A outra sustentação usada pelo governo é a nota técnica do Ipea (Instituto de Pesquisa Econômica Aplicada) divulgada em fevereiro, em que o órgão afirma que os impactos da redução seriam similares aos impactos observados em reajustes históricos do salário-mínimo no Brasil, o que indicaria uma capacidade de absorção da medida pelo mercado de trabalho.

Já os opositores apoiam a ideia de ajudar os empresários e fizeram uma série de propostas nas emendas protocoladas. Uma delas é a isenção de 50% na contribuição do FGTS (Fundo de Garantia do Tempo de Serviço) dos trabalhadores. A proposta também inclui “imunidade temporária e escalonada” da contribuição social para novas contratações e a redução proporcional da contribuição para benefícios por incapacidade decorrente de riscos ambientais do trabalho.

Os congressistas ainda citam a possibilidade de dedução no Imposto de Renda e na CSLL (Contribuição Social sobre o Lucro Líquido) e dos custos com novos postos de trabalho criados. 

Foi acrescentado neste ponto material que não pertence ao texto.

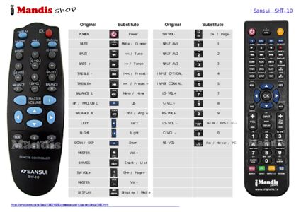 Um documento está incluso para ajudá-lo a usar o novo controle remoto facilmente, mostrando a correspondência dos botões.
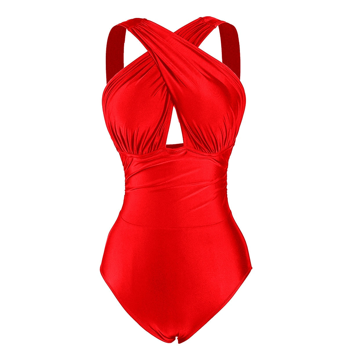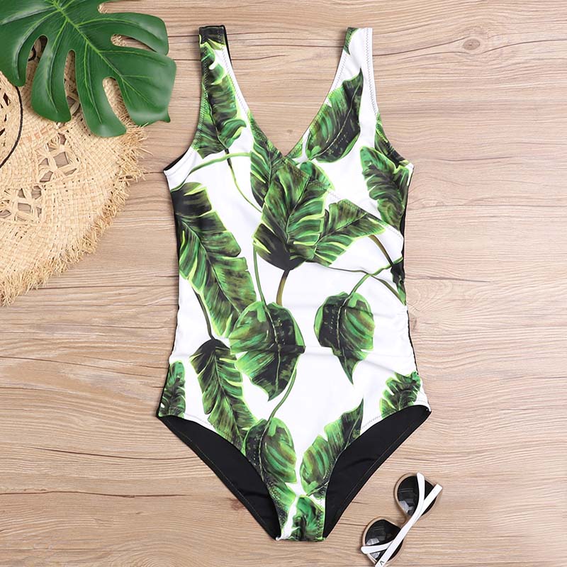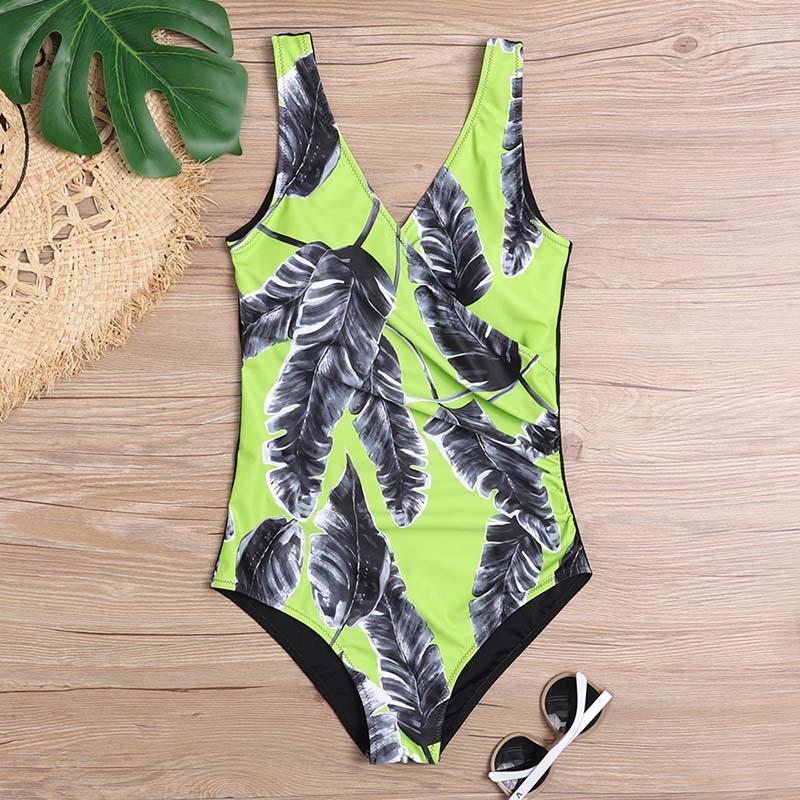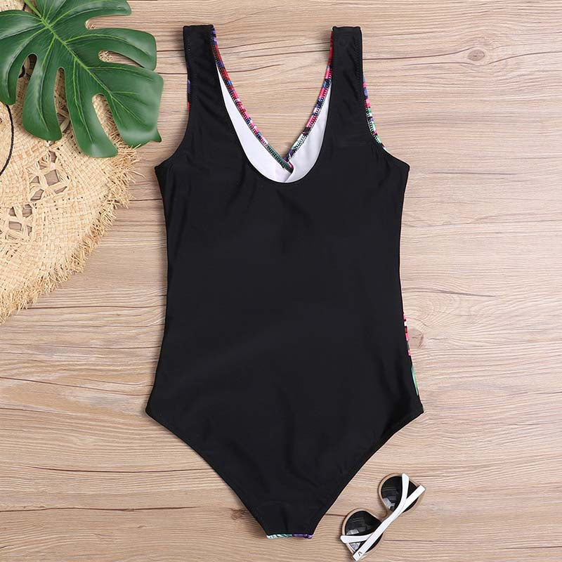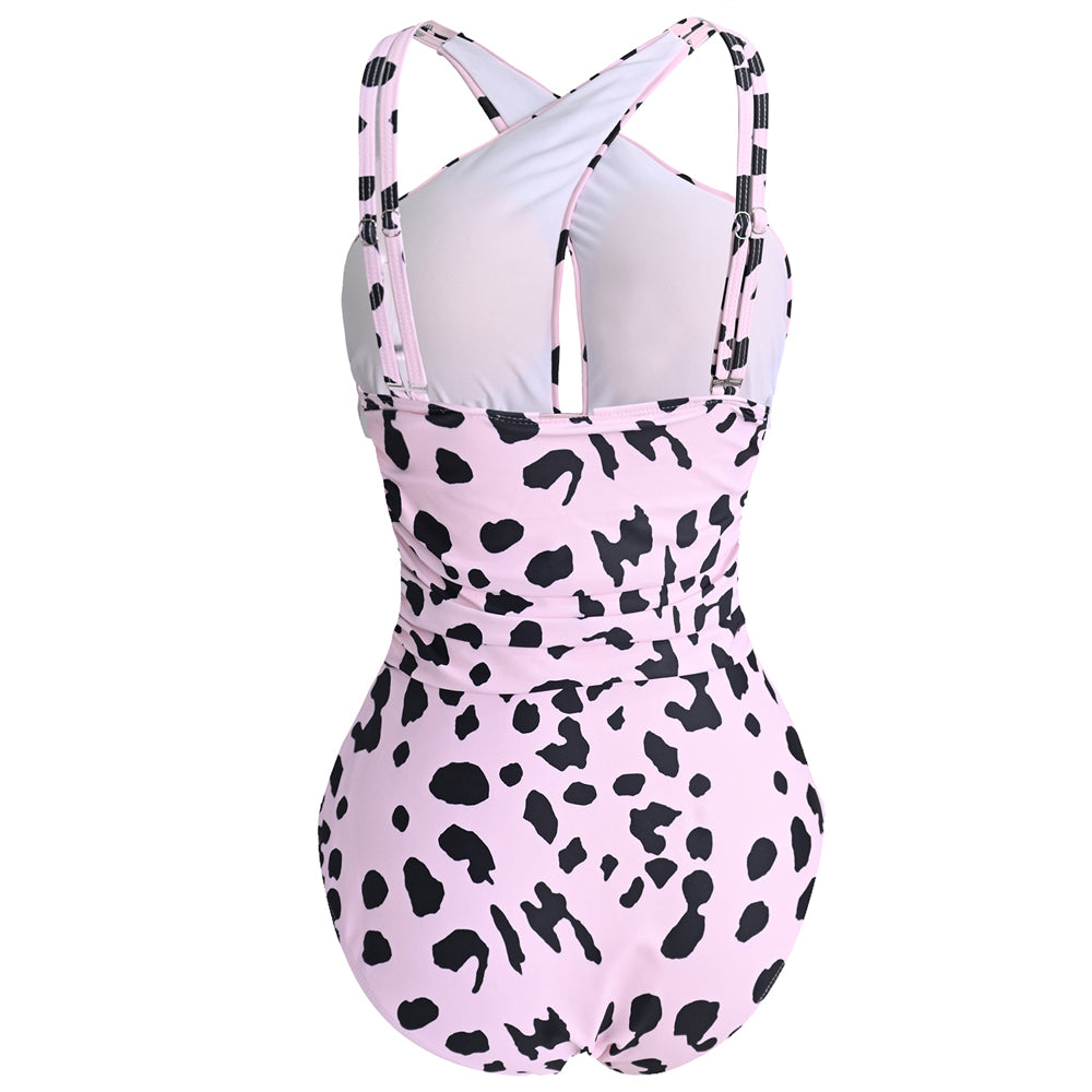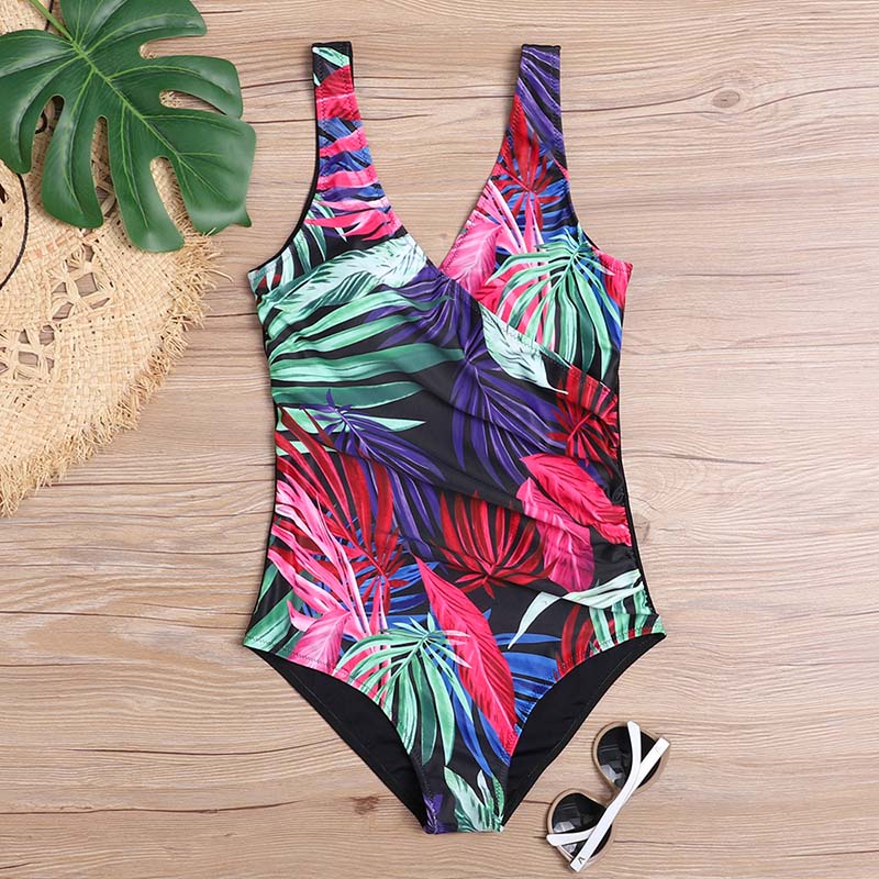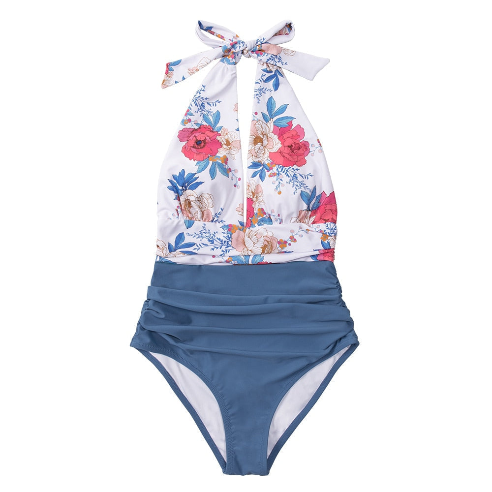 Dark Mauve Floral V-Neck Backless Swimsuit

Convenção coletiva no foco

Tanto governo quanto oposição defendem o fortalecimento das convenções coletivas, mas por diferentes perspectivas. Para o Executivo, é importante que as centrais sindicais estejam na mesa de negociação para conseguir ampliar os direitos dos trabalhadores.

Já os opositores entendem que a convenção coletiva tem que ser usada inclusive para abrir brechas na nova lei, inclusive para conseguir manter as 44 horas semanais de acordo com a negociação entre empresários e representantes de trabalhadores por setor. 

Prates afirma que as negociações coletivas serão importantes para que cada setor possa definir inclusive os dias de folga dos trabalhadores. A CLT hoje orienta que o dia de descanso da 6×1 seja preferencialmente aos domingos. O relator entende que cada representação defina quando seria o segundo dia de folga. 

Esse impasse levou os opositores a apresentarem uma proposta alternativa. O senador e pré-candidato à Presidência do PL, Flávio Bolsonaro (RJ) defendeu a possibilidade de que os trabalhadores possam ser remunerados por hora trabalhada e que definam as suas escalas. A ideia é levar para as eleições uma proposta contrária ao fim da 6×1.

O presidente da Câmara, Hugo Motta (Republicanos-PB), deverá se encontrar com o chefe do Executivo, Luiz Inácio Lula da Silva (PT), nesta segunda-feira (25) para amarrar os últimos acordos possíveis e tentar evitar atritos na reta final das discussões.

Motta afirmou que quer votar o texto no plenário da Câmara na quinta-feira (28).